**About this task:**
Leave out the pictures and transcribe every entry below exactly.

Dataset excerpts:
____________________
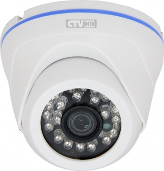 Видеокамера CTV-HDD361A купольная, внутренней установки, 1.0M, CMOS 1/4”H 42, AVS 8901, технология передачи видеосигнала на расстояние до 500 метров по коаксиальному кабелю, дальность подсветки 20 м, объектив f=3,6 мм, раб. темп. -10˚C ~ 50˚C, питание 12VDC, класс защиты IP55, белый
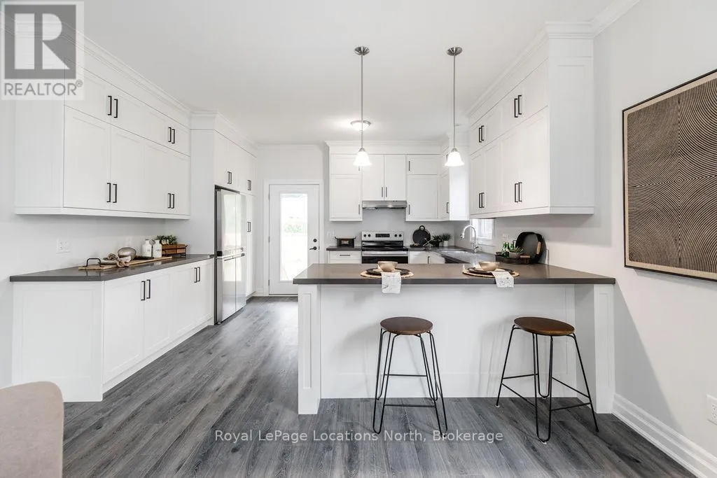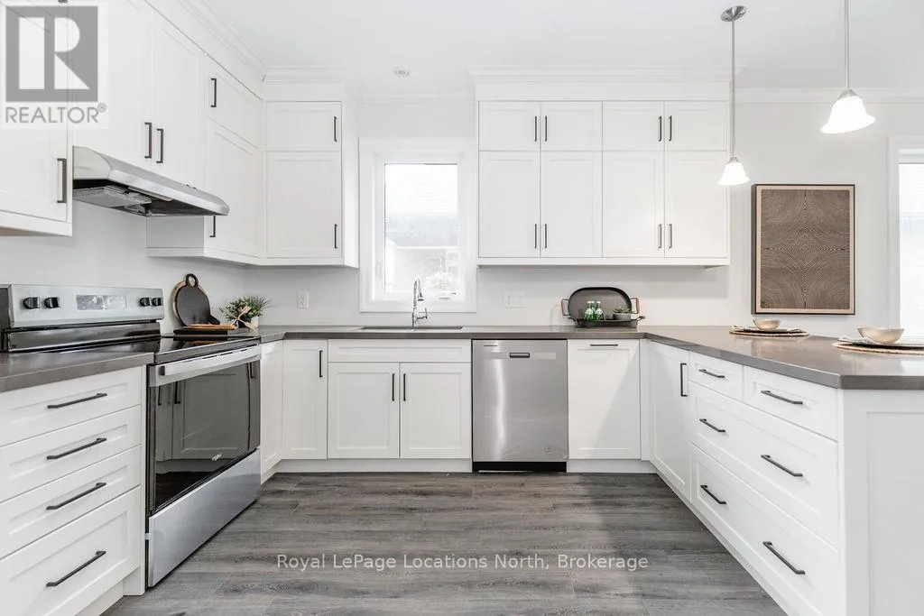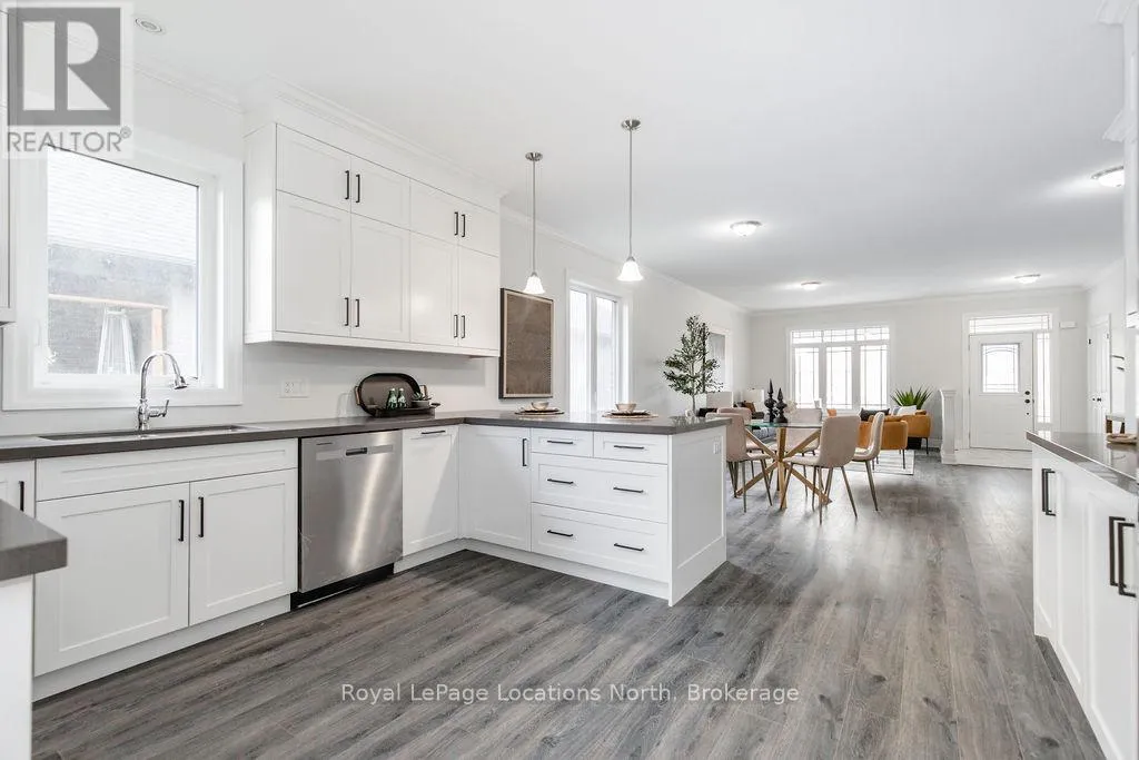 River Road W to Golf Course Road to Natures Trail This brand new all-brick raised bungalow offers over 3,200 sq ft of finished living space, combining modern design, quality finishes, and a great layout ideal for families or multi-generational living. The main level features approximately 1,645 sq ft with 9-foot ceilings, creating a bright and open atmosphere, while the fully finished lower level adds an additional 1,565 sq ft of living space.Set on a generous lot measuring 57.45 ft by 133.13 ft, this home includes 3 spacious bedrooms on the main floor and 2 additional bedrooms downstairs, along with 2 full bathrooms on the main level and a convenient powder room. A main floor laundry room is perfect for man floor living.The classic kitchen is a standout, showcasing brand new stainless steel appliances, upgraded shaker-style cabinetry, double stacked upper cabinets with crown moulding to the ceiling, deep fridge uppers, a large pantry, and practical pot and pan drawers. Quartz countertops with undermount sinks carry through the kitchen and bathrooms for a cohesive, upscale finish. The primary ensuite offers a double vanity and a glass-enclosed shower.Outside, enjoy both a covered front concrete porch and a covered rear deck, perfect for relaxing or entertaining in any season. The exterior is complete with a fully sodded yard and paved driveway, plus a spacious 2-car garage.Additional modern features include hot water on demand, central air conditioning, rough-in central vacuum, HRV system, and a cellar for extra storage.Located on the east end of Wasaga Beach near Marlwood Golf Course, this home offers easy access to Beach 1, shopping, and everyday amenities. (id:27476)
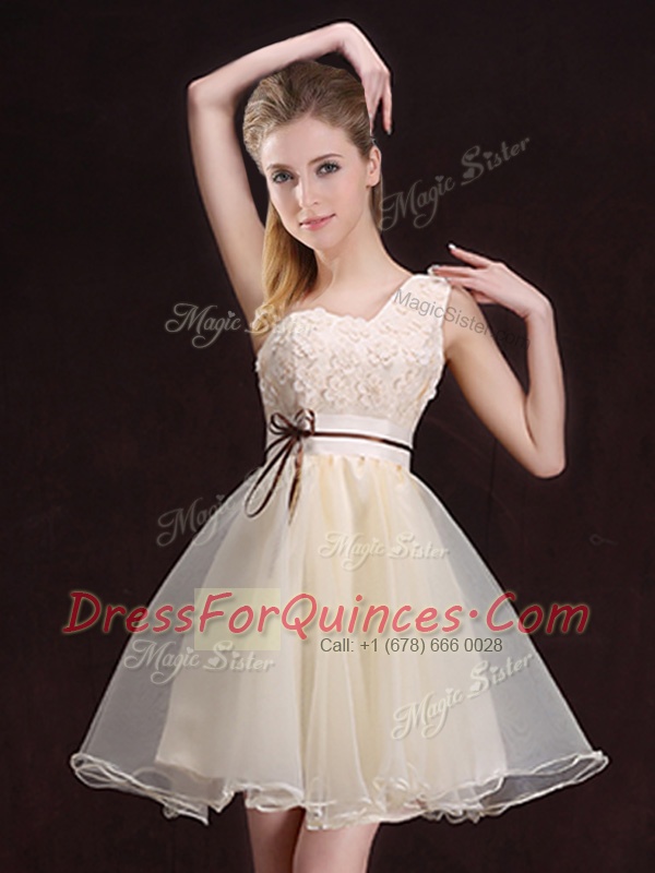 Shining One Shoulder Sleeveless Organza Dama Dress Appliques and Belt Lace Up
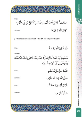 Solat Tarawih Bilal: Jemaah: j. Setelah selesai rakaat ketujuh belas (17) dan kelapan belas (18): Bilal: Jemaah: Bilal: Jemaah: Panduan Amalan Ramadan Bilal: Jemaah: 178
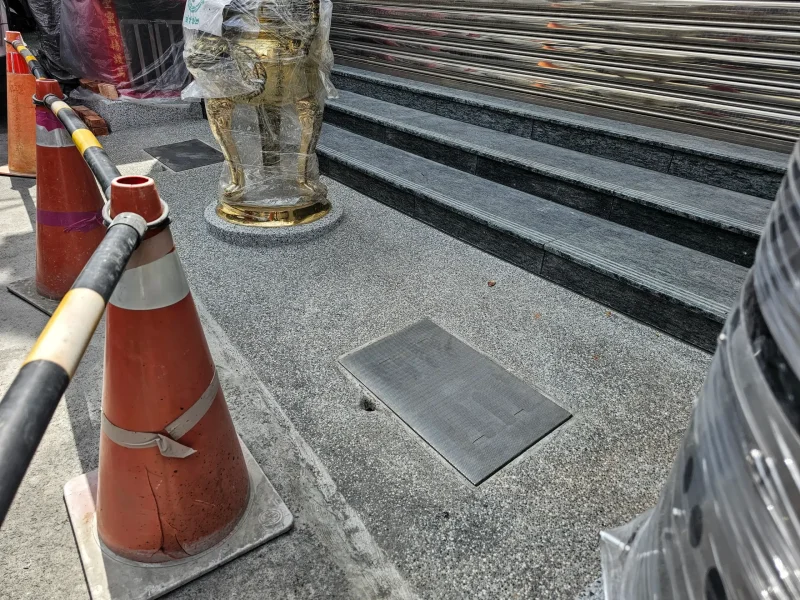 為了給信眾一個更平整、更安全的參拜空間,朝興宮合聖堂特別找來了「好室科技」合作,安裝了專門設計的「高強度不鏽鋼水溝蓋網」。
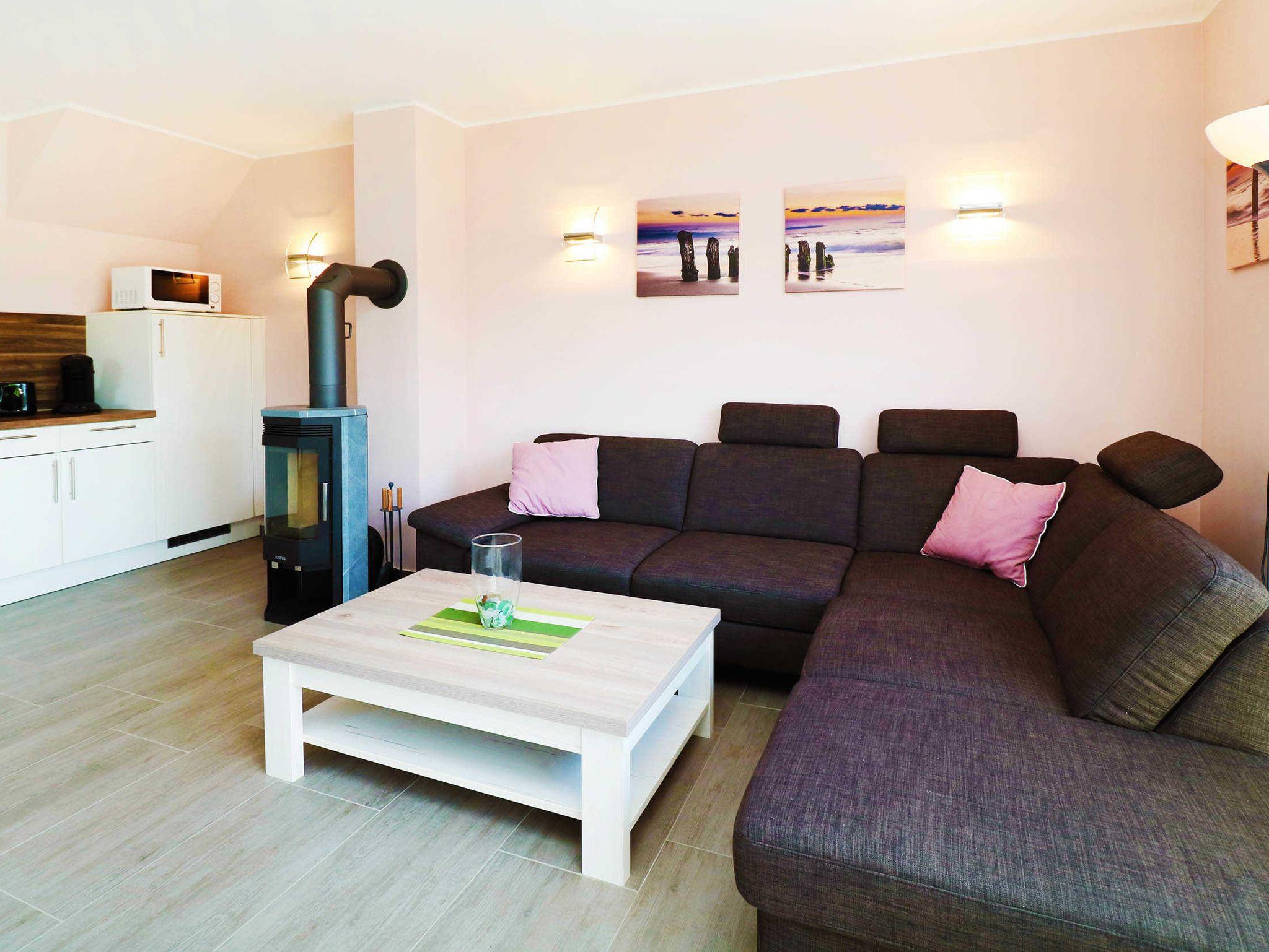 Das Wohnzimmer verfügt über eine Couchgarnitur mit Tisch und einem Kaminofen.
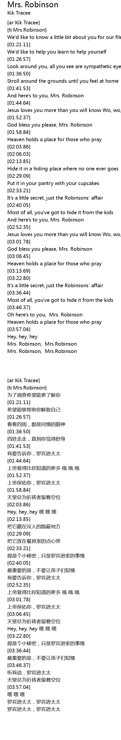 [ti:Mrs.Robinson] |
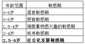 蒙台梭利在《童年的秘密》中指出,学前期存在秩序敏感期和社会化发展敏感期。社会化发展敏感期处于儿童的( )岁 作者:高老师 时间:2024-07-23 浏览 2 蒙台梭利在《童年的秘密》中指出,学前期存在秩序敏感期和社会化发展敏感期。社会化发展敏感期处于儿童的( )岁A、0-3B、1.5-4C、2-4D、2.5-6【正确答案】:D【题目解析】: 📱 扫码体验刷题小程序 扫一扫使用我们的微信小程序
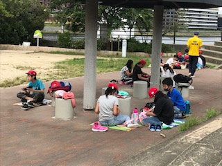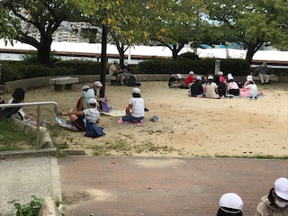 今年度、大空の下で初めてみんなで食べた昼食でした。
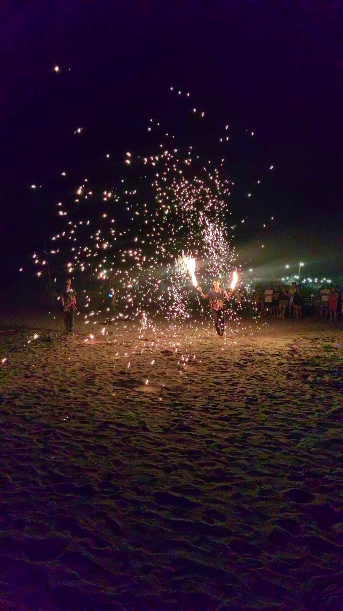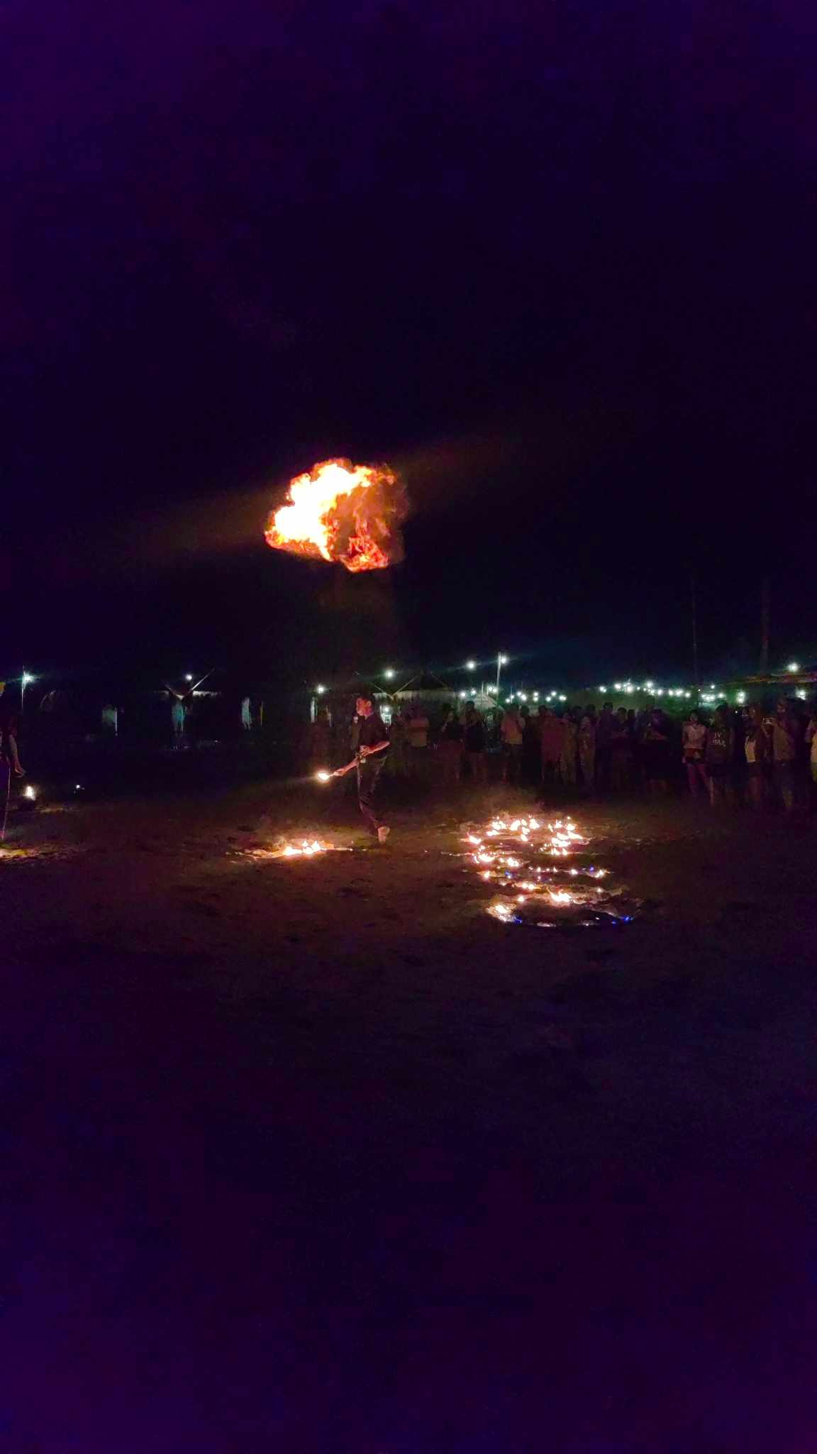 Between sets of the band, there’s a fire dance spectacle which you could enjoy by the beach.
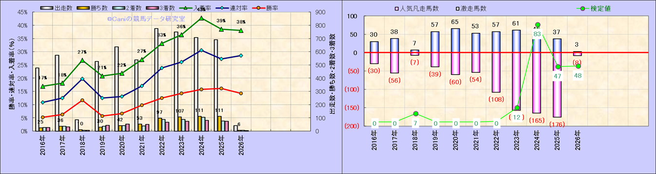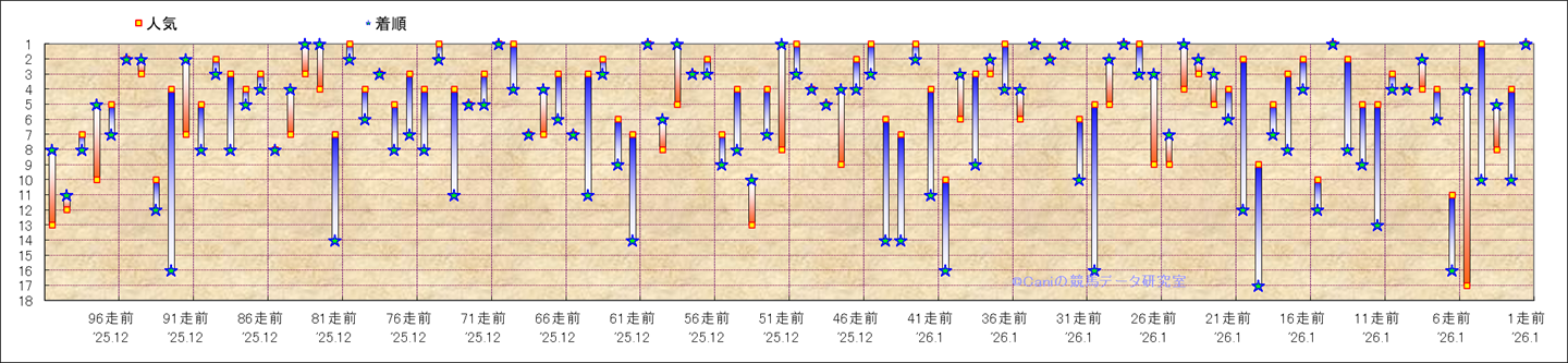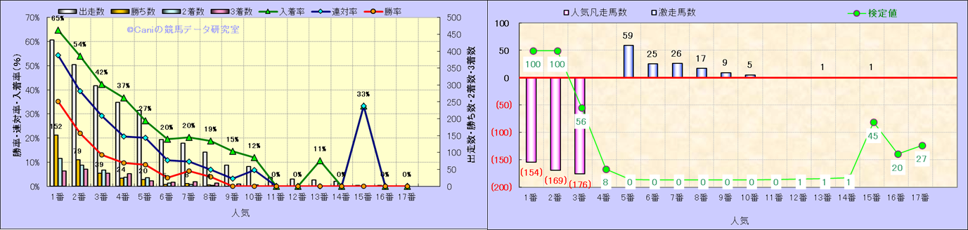 人気凡走馬:1-3番人気で着外、激走馬:5-18番人気で入着 |
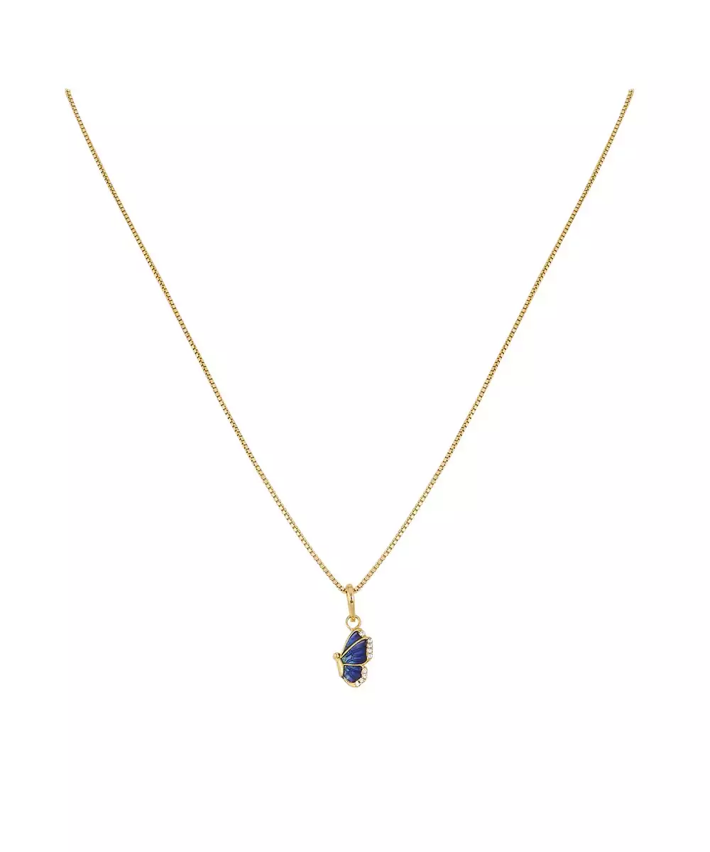 Gold Plated Blue Stone Pendant Necklace Set In Sterling Silver
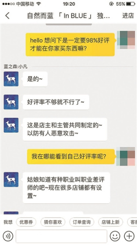 一家名為“自然而藍(lán)”的店鋪主營(yíng)服裝類商品,北青報(bào)記者以顧客身份進(jìn)行詢問(wèn),客服稱,買家發(fā)出的好評(píng)率要在98%以上,才可以在店中購(gòu)買。“好評(píng)率不夠就不行了,這也是店主和主管共同制定的,以防有人惡意攻擊。”客服人員稱,目前有很多家店鋪都有類似設(shè)置,“因?yàn)橛蟹N行當(dāng)叫職業(yè)差評(píng)師,所以很多家店鋪都會(huì)設(shè)置,只是標(biāo)準(zhǔn)不一樣,算是不成文的規(guī)矩!
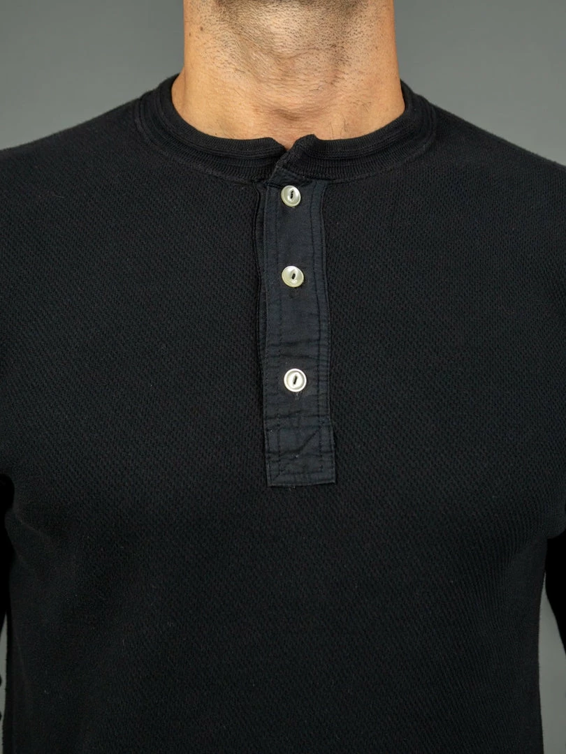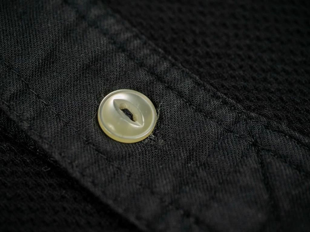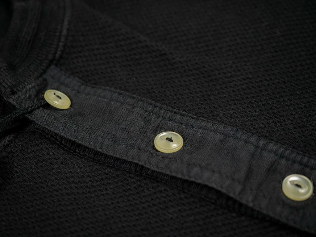 This Fine Aran Honeycomb Henley impresses at first sight for its unique real mother-of-pearl buttons and premium double face honeycomb cotton fabric knitted in Wakayama, Japan.
____________________
**Result for this exercise:**
 Видеокамера CTV-HDD361A купольная, внутренней установки, 1.0M, CMOS 1/4”H 42, AVS 8901, технология передачи видеосигнала на расстояние до 500 метров по коаксиальному кабелю, дальность подсветки 20 м, объектив f=3,6 мм, раб. темп. -10˚C ~ 50˚C, питание 12VDC, класс защиты IP55, белый
 River Road W to Golf Course Road to Natures Trail This brand new all-brick raised bungalow offers over 3,200 sq ft of finished living space, combining modern design, quality finishes, and a great layout ideal for families or multi-generational living. The main level features approximately 1,645 sq ft with 9-foot ceilings, creating a bright and open atmosphere, while the fully finished lower level adds an additional 1,565 sq ft of living space.Set on a generous lot measuring 57.45 ft by 133.13 ft, this home includes 3 spacious bedrooms on the main floor and 2 additional bedrooms downstairs, along with 2 full bathrooms on the main level and a convenient powder room. A main floor laundry room is perfect for man floor living.The classic kitchen is a standout, showcasing brand new stainless steel appliances, upgraded shaker-style cabinetry, double stacked upper cabinets with crown moulding to the ceiling, deep fridge uppers, a large pantry, and practical pot and pan drawers. Quartz countertops with undermount sinks carry through the kitchen and bathrooms for a cohesive, upscale finish. The primary ensuite offers a double vanity and a glass-enclosed shower.Outside, enjoy both a covered front concrete porch and a covered rear deck, perfect for relaxing or entertaining in any season. The exterior is complete with a fully sodded yard and paved driveway, plus a spacious 2-car garage.Additional modern features include hot water on demand, central air conditioning, rough-in central vacuum, HRV system, and a cellar for extra storage.Located on the east end of Wasaga Beach near Marlwood Golf Course, this home offers easy access to Beach 1, shopping, and everyday amenities. (id:27476)
 Shining One Shoulder Sleeveless Organza Dama Dress Appliques and Belt Lace Up
 Solat Tarawih Bilal: Jemaah: j. Setelah selesai rakaat ketujuh belas (17) dan kelapan belas (18): Bilal: Jemaah: Bilal: Jemaah: Panduan Amalan Ramadan Bilal: Jemaah: 178
 為了給信眾一個更平整、更安全的參拜空間,朝興宮合聖堂特別找來了「好室科技」合作,安裝了專門設計的「高強度不鏽鋼水溝蓋網」。
 Das Wohnzimmer verfügt über eine Couchgarnitur mit Tisch und einem Kaminofen.
 [ti:Mrs.Robinson] |
 蒙台梭利在《童年的秘密》中指出,学前期存在秩序敏感期和社会化发展敏感期。社会化发展敏感期处于儿童的( )岁 作者:高老师 时间:2024-07-23 浏览 2 蒙台梭利在《童年的秘密》中指出,学前期存在秩序敏感期和社会化发展敏感期。社会化发展敏感期处于儿童的( )岁A、0-3B、1.5-4C、2-4D、2.5-6【正确答案】:D【题目解析】: 📱 扫码体验刷题小程序 扫一扫使用我们的微信小程序
 今年度、大空の下で初めてみんなで食べた昼食でした。
 Between sets of the band, there’s a fire dance spectacle which you could enjoy by the beach.
 人気凡走馬:1-3番人気で着外、激走馬:5-18番人気で入着 |
 Gold Plated Blue Stone Pendant Necklace Set In Sterling Silver
 一家名為“自然而藍(lán)”的店鋪主營(yíng)服裝類商品,北青報(bào)記者以顧客身份進(jìn)行詢問(wèn),客服稱,買家發(fā)出的好評(píng)率要在98%以上,才可以在店中購(gòu)買。“好評(píng)率不夠就不行了,這也是店主和主管共同制定的,以防有人惡意攻擊。”客服人員稱,目前有很多家店鋪都有類似設(shè)置,“因?yàn)橛蟹N行當(dāng)叫職業(yè)差評(píng)師,所以很多家店鋪都會(huì)設(shè)置,只是標(biāo)準(zhǔn)不一樣,算是不成文的規(guī)矩!
 This Fine Aran Honeycomb Henley impresses at first sight for its unique real mother-of-pearl buttons and premium double face honeycomb cotton fabric knitted in Wakayama, Japan.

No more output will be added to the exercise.